Note
Access to this page requires authorization. You can try signing in or changing directories.
Access to this page requires authorization. You can try changing directories.
This article describes a secure research environment that provides researchers access to sensitive data that requires a high level of control and protection. The architecture supports organizations that must adhere to regulatory compliance or other strict security requirements.
Architecture
Download a Visio file of this architecture.
Data flow
The following data flow corresponds to the previous diagram:
Data owners upload datasets into a public Azure Blob Storage account. They use Microsoft-managed keys to encrypt the data.
Fabric Data Factory uses a trigger to copy the uploaded dataset to a specific location or import path on another storage account that has security controls. You can only reach the storage account through a private endpoint or trusted workspace access. A service principal that has limited permissions can also access the account. Data Factory deletes the original copy, which makes the dataset immutable.
Researchers access the secure environment through a streaming application by using Azure Virtual Desktop as a privileged jump box.
The secure storage account presents the dataset to the data science virtual machines (VMs) that you set up in a secure network environment for research work. Most data preparation occurs on those VMs.
The secure environment includes Azure Machine Learning and Fabric Data Science. They can access the dataset through a private endpoint. You can use these platforms to train, deploy, automate, and manage machine learning models. At this stage, you can create models that meet regulatory guidelines. To de-identify all model data, remove personal information.
Models or de-identified data are saved to a separate location on the secure storage account, known as the export path. When you add new data to the export path, you trigger a logic app. In this architecture, the logic app runs outside the secure environment because it doesn't receive data. Its only function is to send notifications and start the manual approval process.
The logic app starts an approval process by requesting a review of data that's queued for export. The manual reviewers help ensure that sensitive data isn't exported. After the review process, reviewers either approve or deny the data.
Note
If you don't need to approve data exports, you can skip the logic app step.
If reviewers approve the de-identified data, the system sends it to Data Factory.

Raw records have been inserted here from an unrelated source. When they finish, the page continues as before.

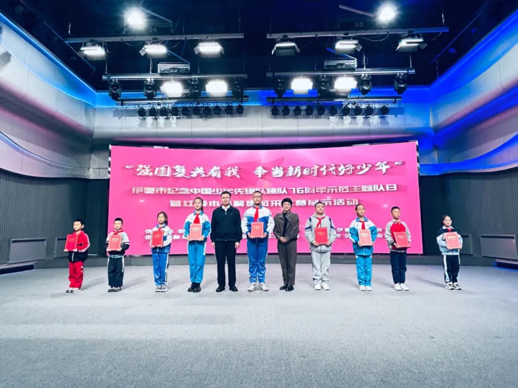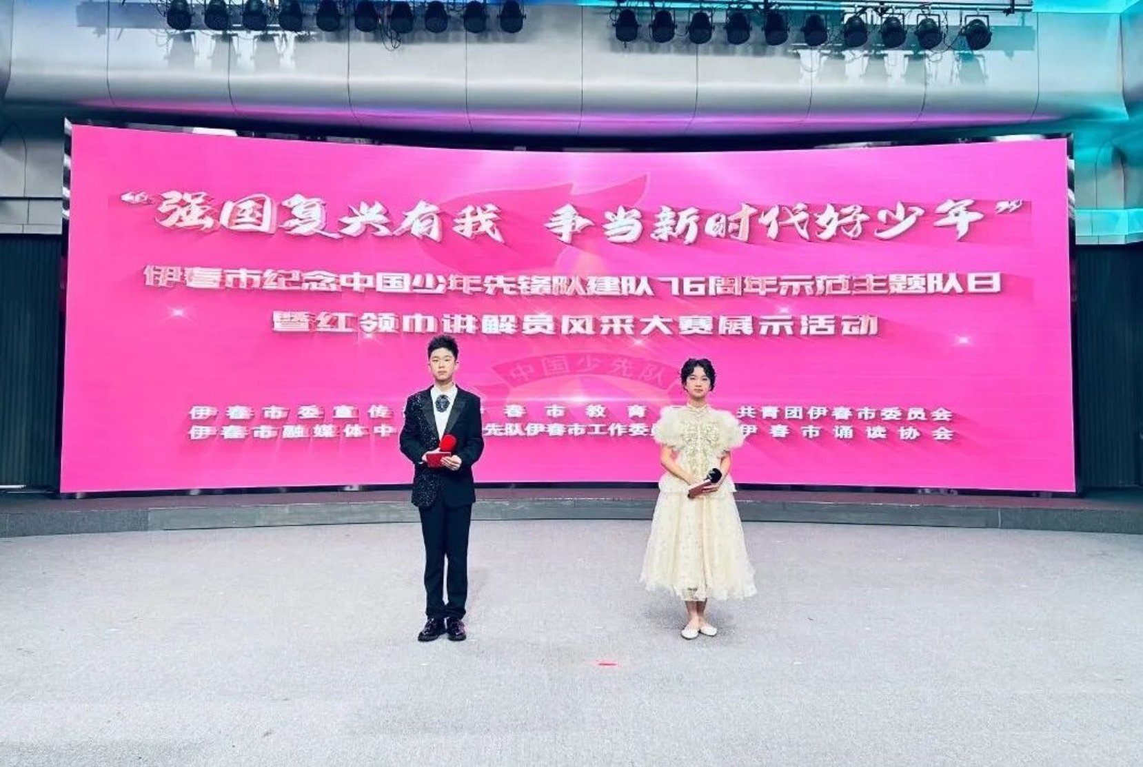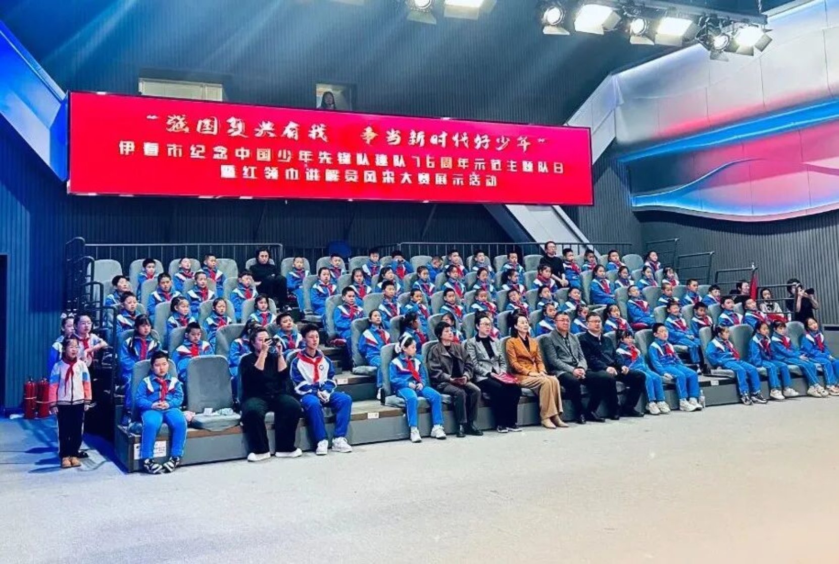 为纪念中国少年先锋队建队76周年,近日,伊春团市委联合市委宣传部、市教育局、市融媒体中心、市少工委、市诵读协会主办的“强国复兴有我 争当新时代好少年”示范主题队日暨红领巾讲解员风采大赛展示活动在伊春市融媒体中心演播厅圆满举行。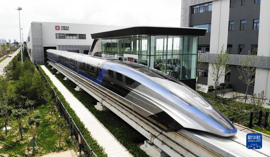 這是在山東青島拍攝的時(shí)速600公里高速磁浮交通系統(無(wú)人機照片,2021年7月20日攝)。新華社記者 李紫恒 攝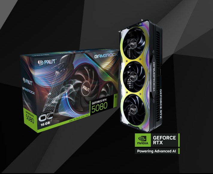 PALIT RTX5080 GAMEROCK OC 16GB GDDR7 256bit 3-DP HDMI ARGB PCI-E 5.0 NE75080T19T2-GB2030G

Data Factory moves the data to the public storage account in a separate container so that external researchers can access their exported data and models. Alternatively, you can set up another storage account in a lower security environment.
Components
This architecture consists of several Azure services that scale resources according to your needs. The following sections describe these services and their roles.
Core workload components
The following core components move and process research data:
Azure data science VMs are VMs that you configure with tools for data analytics and machine learning. In this architecture, they provide researchers with dedicated, secure compute resources for data preparation, analysis, and model training within the isolated environment. Data science VMs provide specific packages or tools, such as Matrix Laboratory (MATLAB) or Statistical Analysis System (SAS), that platform as a service (PaaS) environments can't support. For security and ease of use, choose Machine Learning and other PaaS options when supported.
Machine Learning is a service that trains, deploys, automates, and manages machine learning models. In this architecture, it facilitates model development and orchestration while maintaining security controls over data access and compute resources. It can also manage the allocation and use of machine learning compute resources. Machine Learning provides the preferred environment to run Jupyter notebooks during development.
Machine Learning compute is a cluster of nodes that can train and test machine learning and AI models. In this architecture, it provides automatically scalable, secure, and isolated compute resources for research. You can deploy Visual Studio Code (VS Code) as a streaming application from Virtual Desktop and connect it to the Machine Learning compute for an alternative development environment.
Blob Storage is an object storage solution that stores unstructured data in the cloud. In this architecture, it serves as the primary storage solution, and it has two instances. The public instance temporarily stores the data that data owners upload. It stores de-identified data after it models the data in a separate container. The private instance receives the training and test datasets from Machine Learning. The training scripts use those datasets. The system mounts storage as a virtual drive onto each node of a Machine Learning compute cluster.
Fabric is an analytical platform for big data and pipelines that provides data integration and extract, transform, load (ETL) capabilities. It serves as a preferred service to run Apache Spark workloads. In this architecture, Fabric enables advanced analytics and data integration for research datasets that you can access through secure, private endpoints.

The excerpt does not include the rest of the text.